The Licensing Individual Commercial Exam-takers Now Safely and Efficiently Act of 2025 (LICENSE Act of 2025) would direct the Secretary of Transportation, through the Federal Motor Carrier Safety Administration (FMCSA), to revise two key CDL testing regulations within 90 days of enactment. Specifically, it would tighten requirements for who can administer the CDL knowledge test by mandating that examiners (state or third-party) hold a valid CDL test examiner certification, complete an exam training course, and finish an additional unit of instruction.
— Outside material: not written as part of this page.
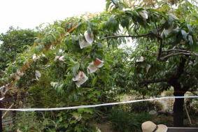 このHPの勝ちゃんの 家庭で楽しむ果物作り第3回「ブルーベリーを鳥から守ろう」を私も読んで、桃の木に防鳥ネットを架けました。(夫に息子に夫の友人と私の4人がかり)これってすごく大変。でもどうやってネットをはずすの?。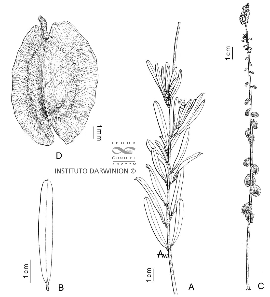 Arbustos bajos a hierbas de 18-55 cm de alto; tallos con pubescencia de tricomas estrigosos menores a 0,5 mm de largo. Hojas alternas; pecíolos de 0,8-1 mm de largo, pubérulos; láminas lineares a estrechamente oblongas, de 12-25 × 0,8-7,2 mm, ápice truncado, emarginado a 2-lobado, pubérulas. Inflorescencias de 1,8-3 cm de largo, luego de fructificar de 12-17 cm de largo; raquis pubérulo, con nectarios extraflorales evidentes a los costados de la inserción del pedicelo; brácteas triangulares, de 2,2-2,4 mm de largo, pubescentes; bractéolas de menor tamaño. Flores de 4-5 mm de largo, violáceas a rosadas, el ápice amarillento; pedicelo ca. 1 mm de largo; sépalos externos pubescentes en su cara abaxial y márgenes; sépalo externo inferior ovado, ca. 1,5 × 1,1 mm, ápice obtuso; sépalos externos superiores ovados, ca. 1,2 × 1 mm, ápice obtuso; sépalos internos “alas” elípticos, ca. 4 × 2,5 mm, ápice obtuso, glabros o ciliados; quilla 3-lobulada , ca. 3,5 mm de largo, pétalos laterales ca. 3,5 mm de largo, ápice obtuso, pubescentes en la porción media adaxial, fusionados con la vaina estaminal; estambres 8, vaina estaminal ca. 2 mm de largo, porción libre de los filamentos estaminales separados entre sí en grupos de cuatro por una barra pubescente; ovario de contorno oblongo, ca. 1,3 × 0,8 mm, pubescente; estilo curvo, de 1,5-2 mm de largo, ensanchado distalmente, auriculado, glabro, área estigmática con el lóbulo estéril agudo, lóbulo fértil 1-tuberculado. Fruto samaroide elipsoide, ca. 9 × 6 mm, asimétrico, pubescente. Semilla 1.

At the same time, it would authorize states to administer the CDL driving skills test to any applicant, regardless of the applicant’s state of domicile or where they received driver training. The overarching goal appears to be expanding the pool of qualified examiners and speeding up testing while maintaining safety standards through required training and certification.

Key Points

  • 1Timeframe for action: The Secretary of Transportation must revise the relevant regulations within 90 days after enactment.
  • 2Knowledge test examiner requirements: A state or third-party examiner may administer the CDL knowledge test only if the examiner has (a) a valid CDL test examiner certification, (b) completed a required examiner training course, and (c) completed one unit of instruction described in the regulation.
  • 3Driving skills test flexibility: A state can administer the CDL driving skills test to any CDL applicant, regardless of the applicant’s domicile or where the applicant received driver training.
  • 4Regulatory authority: Changes to be made under the authority of the Secretary of Transportation, via the FMCSA.
  • 5Policy aim: To improve efficiency and access to CDL testing by expanding examiner participation while maintaining standardized training requirements.

Impact Areas

Primary group/area affected: CDL applicants and CDL examiners (state testing agencies and third-party test providers). Potential outcome includes shorter wait times for testing and greater access to testing services.Secondary group/area affected: State Departments of Motor Vehicles (DMVs) and FMCSA, which will implement and oversee the revised testing framework; third-party CDL examiners and training providers.Additional impacts: Potential variations in testing capacity and consistency across states, depending on how many examiners obtain certification and how testing centers adopt the new rules. Could entail costs for examiner certification and training but may be offset by greater efficiency and coverage. Safety and quality controls are maintained by the certification and training requirements, even as the pool of examiners expands.